Only the text of the entries below should be returned, exactly as given, without pictures.

___ Material for this task

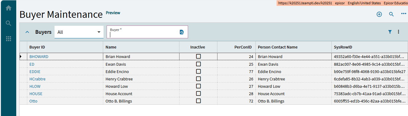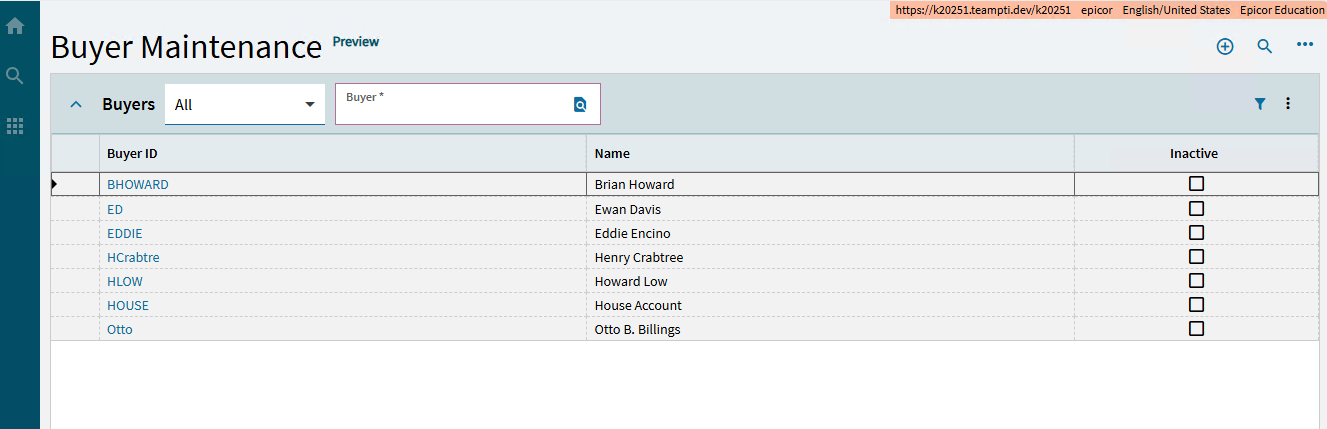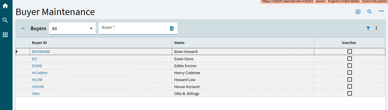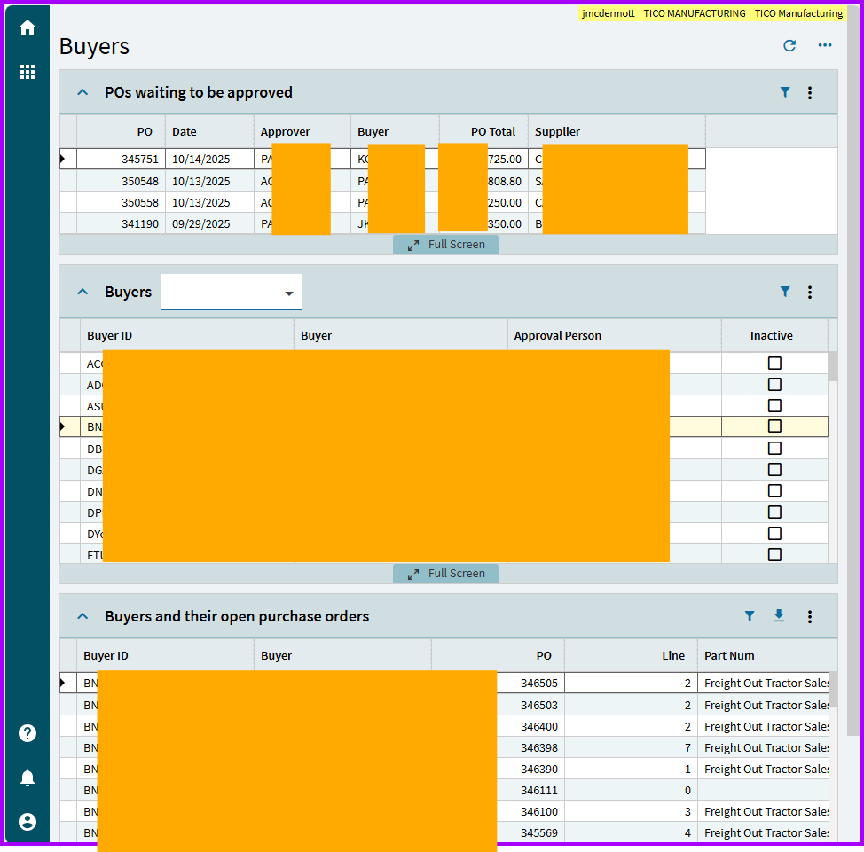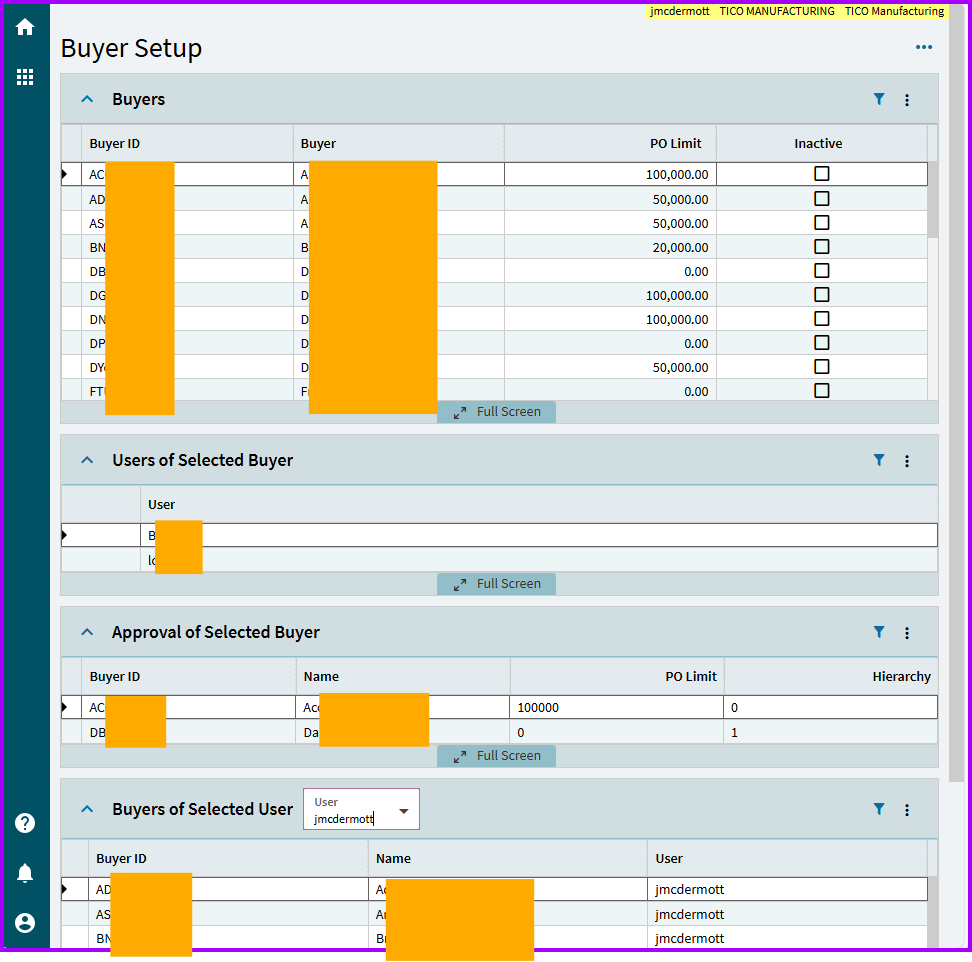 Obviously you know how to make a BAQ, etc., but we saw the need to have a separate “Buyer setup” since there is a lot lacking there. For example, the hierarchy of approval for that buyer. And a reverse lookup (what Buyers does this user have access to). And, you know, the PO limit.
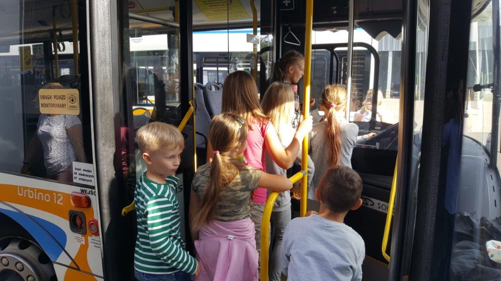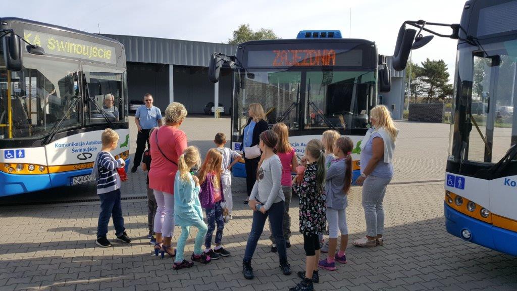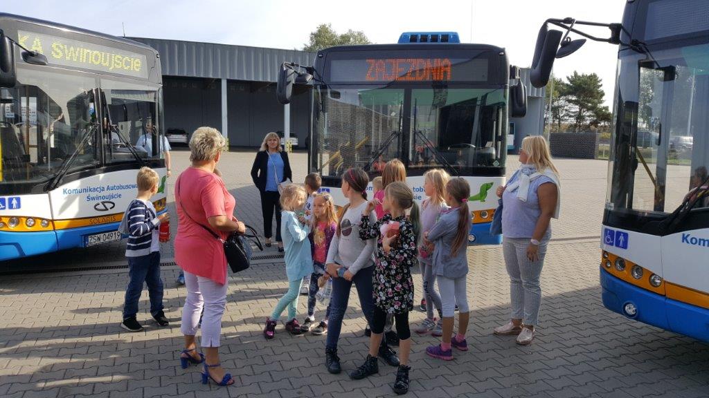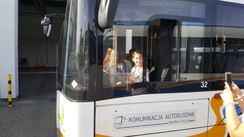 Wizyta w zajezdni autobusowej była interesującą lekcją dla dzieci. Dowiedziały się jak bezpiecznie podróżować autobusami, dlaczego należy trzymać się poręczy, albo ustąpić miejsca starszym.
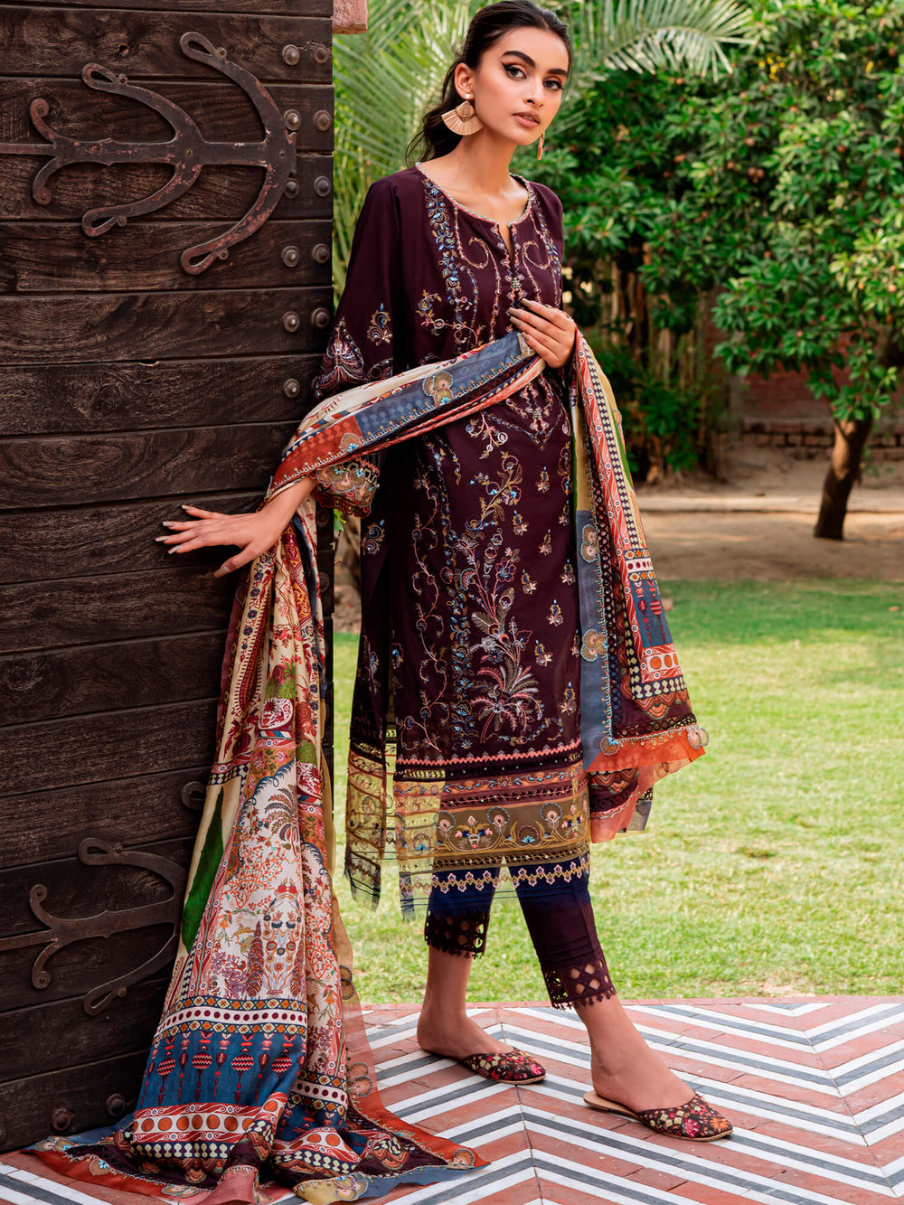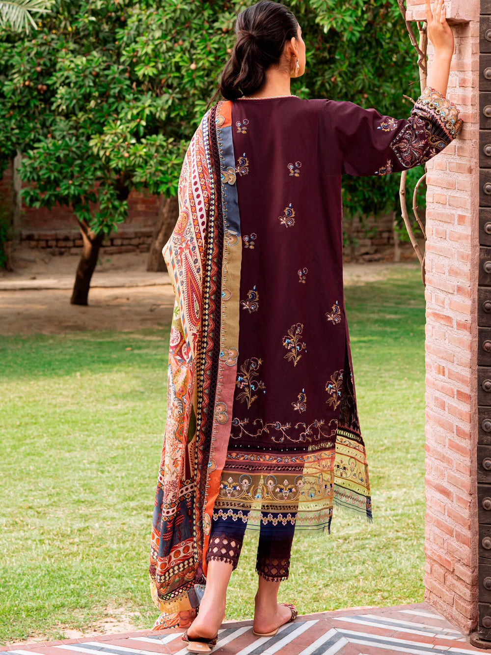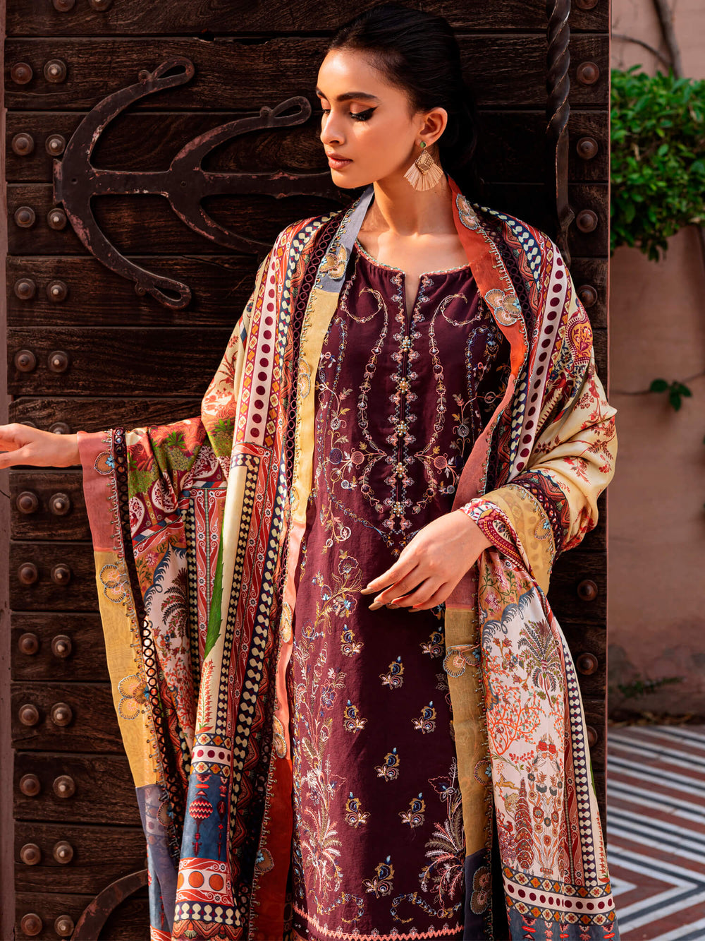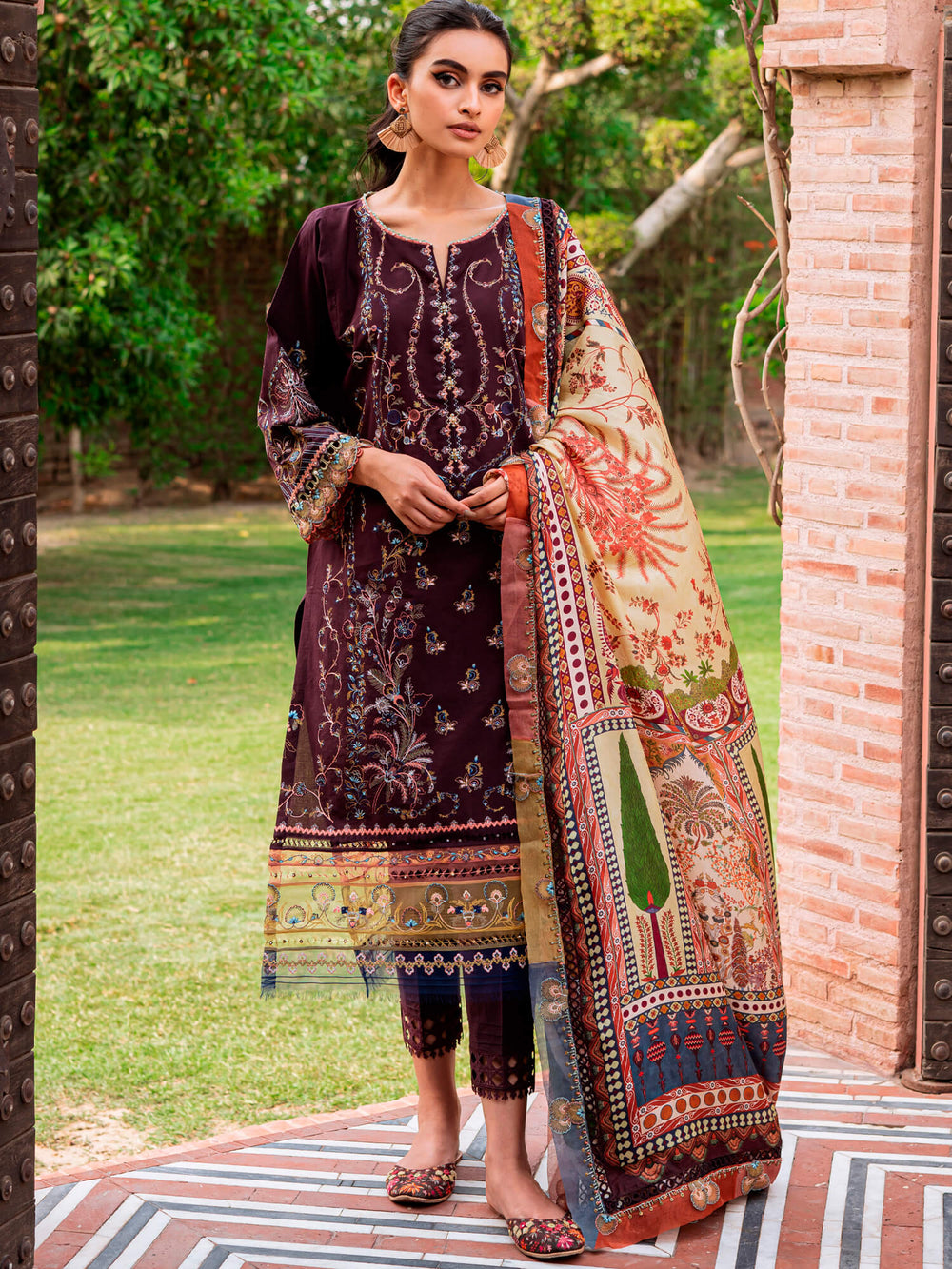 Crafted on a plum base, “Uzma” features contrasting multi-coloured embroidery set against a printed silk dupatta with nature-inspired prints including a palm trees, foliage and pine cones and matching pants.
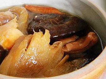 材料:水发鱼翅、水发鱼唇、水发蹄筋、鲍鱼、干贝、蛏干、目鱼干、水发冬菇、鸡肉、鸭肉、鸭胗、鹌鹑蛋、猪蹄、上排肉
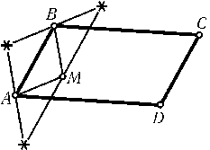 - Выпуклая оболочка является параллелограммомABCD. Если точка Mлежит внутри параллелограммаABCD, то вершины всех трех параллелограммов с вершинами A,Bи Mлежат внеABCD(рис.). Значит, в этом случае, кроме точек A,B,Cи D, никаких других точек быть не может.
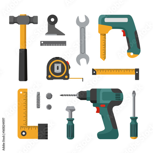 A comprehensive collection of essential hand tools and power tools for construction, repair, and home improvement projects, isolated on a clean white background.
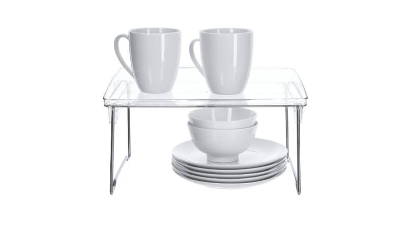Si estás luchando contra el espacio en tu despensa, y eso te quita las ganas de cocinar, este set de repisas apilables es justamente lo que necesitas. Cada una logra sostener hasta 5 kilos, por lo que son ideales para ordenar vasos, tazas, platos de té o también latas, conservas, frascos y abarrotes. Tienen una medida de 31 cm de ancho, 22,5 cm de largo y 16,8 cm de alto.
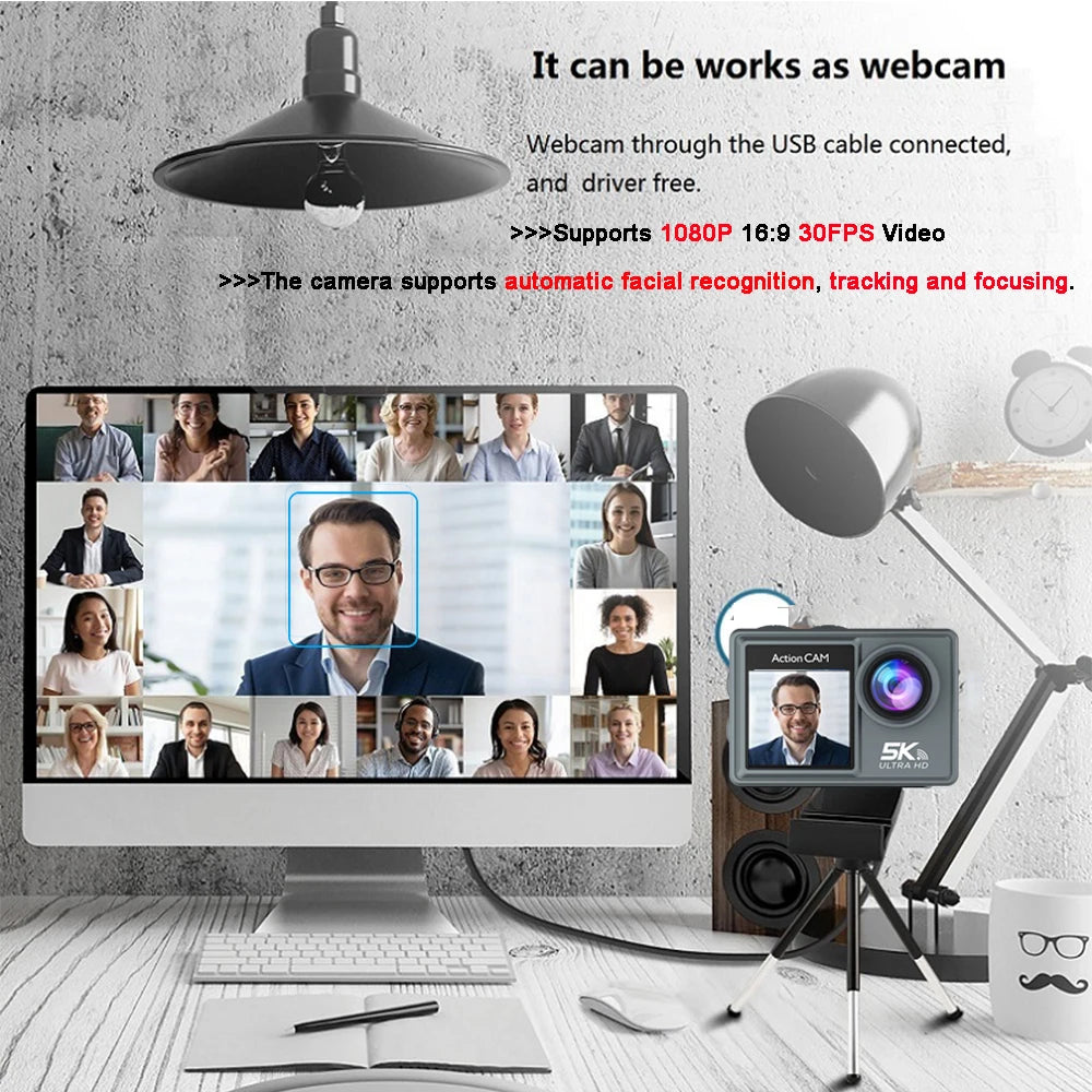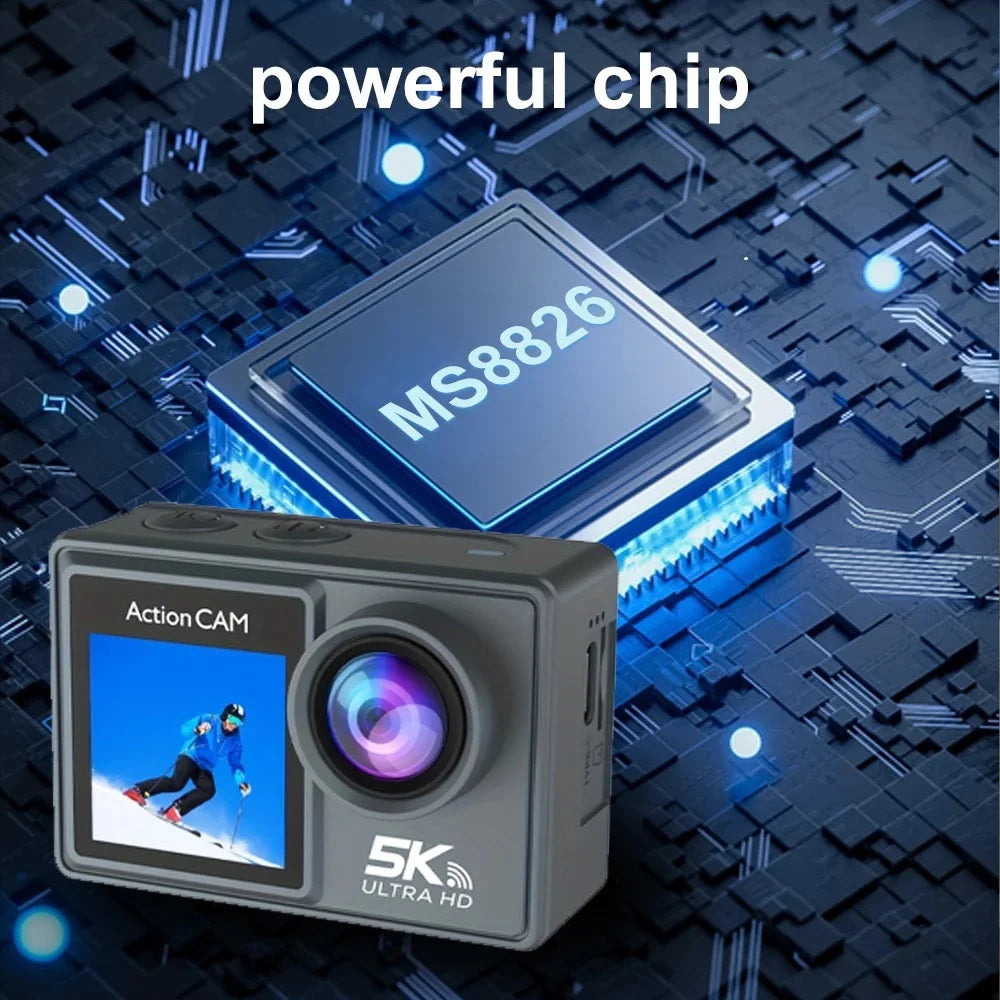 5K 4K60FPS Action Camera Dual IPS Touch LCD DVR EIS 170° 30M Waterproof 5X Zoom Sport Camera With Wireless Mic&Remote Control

______

▶ [Result]:
 Obviously you know how to make a BAQ, etc., but we saw the need to have a separate “Buyer setup” since there is a lot lacking there. For example, the hierarchy of approval for that buyer. And a reverse lookup (what Buyers does this user have access to). And, you know, the PO limit.
 Wizyta w zajezdni autobusowej była interesującą lekcją dla dzieci. Dowiedziały się jak bezpiecznie podróżować autobusami, dlaczego należy trzymać się poręczy, albo ustąpić miejsca starszym.
 Crafted on a plum base, “Uzma” features contrasting multi-coloured embroidery set against a printed silk dupatta with nature-inspired prints including a palm trees, foliage and pine cones and matching pants.
 材料:水发鱼翅、水发鱼唇、水发蹄筋、鲍鱼、干贝、蛏干、目鱼干、水发冬菇、鸡肉、鸭肉、鸭胗、鹌鹑蛋、猪蹄、上排肉
 - Выпуклая оболочка является параллелограммомABCD. Если точка Mлежит внутри параллелограммаABCD, то вершины всех трех параллелограммов с вершинами A,Bи Mлежат внеABCD(рис.). Значит, в этом случае, кроме точек A,B,Cи D, никаких других точек быть не может.
 A comprehensive collection of essential hand tools and power tools for construction, repair, and home improvement projects, isolated on a clean white background.
Si estás luchando contra el espacio en tu despensa, y eso te quita las ganas de cocinar, este set de repisas apilables es justamente lo que necesitas. Cada una logra sostener hasta 5 kilos, por lo que son ideales para ordenar vasos, tazas, platos de té o también latas, conservas, frascos y abarrotes. Tienen una medida de 31 cm de ancho, 22,5 cm de largo y 16,8 cm de alto.
 5K 4K60FPS Action Camera Dual IPS Touch LCD DVR EIS 170° 30M Waterproof 5X Zoom Sport Camera With Wireless Mic&Remote Control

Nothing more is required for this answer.